I think I totally understood the tutorial on using the following line of code to do data parallel.
model = nn.DataParallel(model)
I tested it on my device with 2 GPUs and it worked. However, for a complicated model I recently wrote, it doesn’t truly train on both GPUs when I printed the ‘Inside’ ‘Outside’ debugging message.
I managed to figure out that it was because of the optimizers. To my purpose, I need to have two optimizers each contains some shared part and some unique part.
I deleted anything related to optimizers and loss criterions and it worked just fine on 2 GPUs according to the printed debugging message. But whenever the optimizers and loss criterions are added, it can only be trained on one single GPU.
I wonder if there’s any suggestions on this to make it work?

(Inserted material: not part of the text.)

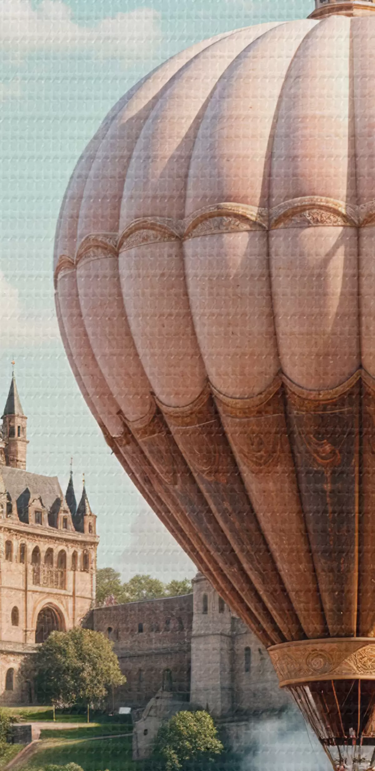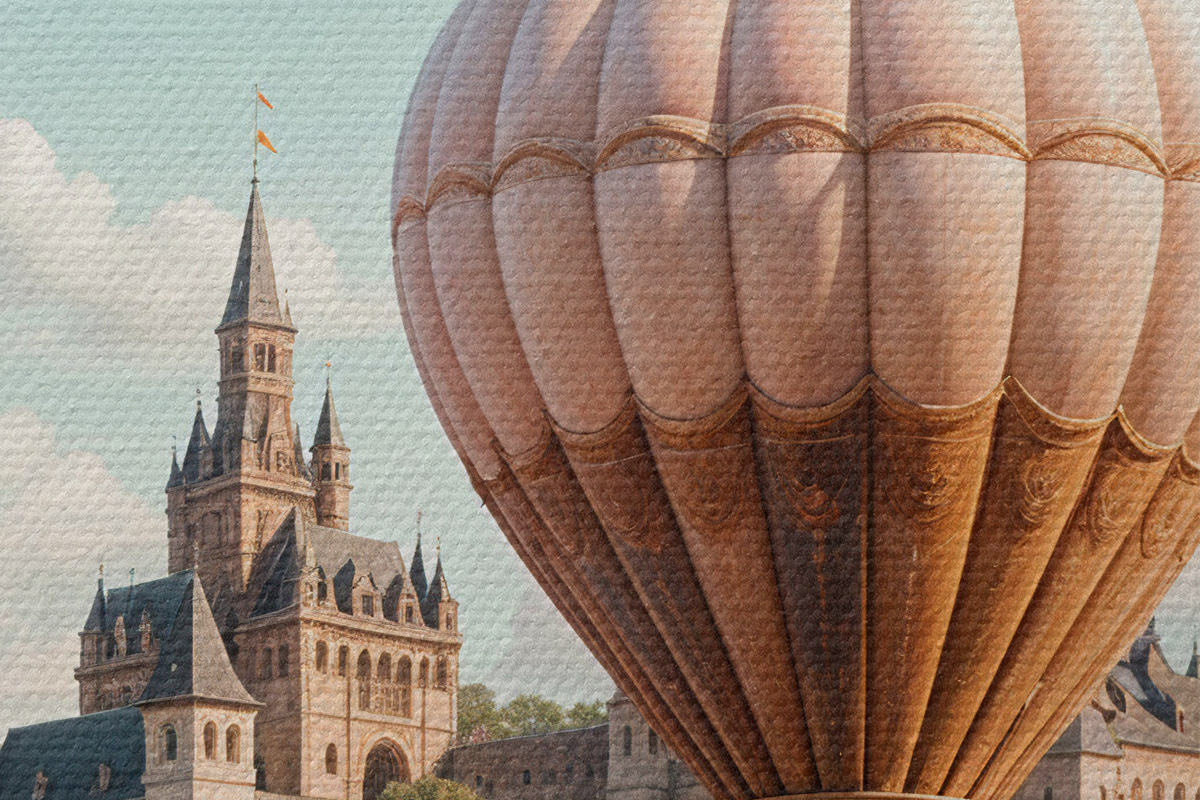 Runde Wandbilder Ein Fantasieschloss, umgeben von rosa Heißluftballons, die in einem wolkigen Himmel über einer üppigen, grünen Landschaft schweben r39387

I’ll post lines that are correlated to this question below.
device = "cuda"
model = nn.DataParallel(model) # For multi-gpu
model = model.module # For multi-gpu
model.to(device)
optimizer_1 = optim.Adam([{'params': model.shared.parameters()},
{'params': model.unique_a.parameters()}],
lr=5e-5
)
optimizer_2 = optim.Adam([{'params': model.encoder.parameters()},
{'params': model.unique_b.parameters()}],
lr=5e-5
)
criterion = nn.L1Loss()
epochs = 30
for epoch in range(epochs):
output = model(...)
loss = criterion(output, target)
loss.backward()
optimizer_1.step()
print("A Outside: output size", output.shape)
Within the model I have a print statement to print “Inside”, and I wish to see “inside” printed twice and “outside” printed once as I have 2 GPUs.
Please note: when I comment out anything related to optimizers and loss, I got the output I wanted. However, when optimizers and loss are included, it runs but I can easily see the output to show that it was only utilizing one GPU.
Please let me know if you need me to post any other piece of code.
Man just now I commented out everything related to optimizers and loss criterions but it suddenly still got the same output. (I swear in my real large project code it appears normal output when disable optimizers and loss.)
But in general, the current output doesn’t look like 2 GPUs are utilized. Any suggestions?
The issue with your code is that you are removing the nn.DataParallel wrapper by calling:
model = model.module # For multi-gpu
so remove this line of code.
After removing it, you would also have to change how the optimizers are created, as you need to either access the internal layers via model.module.fc_x.parameters() or create the optimizers before wrapping the model into nn.DataParallel.
nn.DataParallel assigns the passed model into the .module attribute and uses it internally to push to the different devices etc.
Accessing this attribute via model.module gives you the initial model back and is used to e.g. store the state_dict without the nn.DataParallel wrapper.
However, if you access this attribute and assign it back to model, you are basically just removing the nn.DataParallel usage.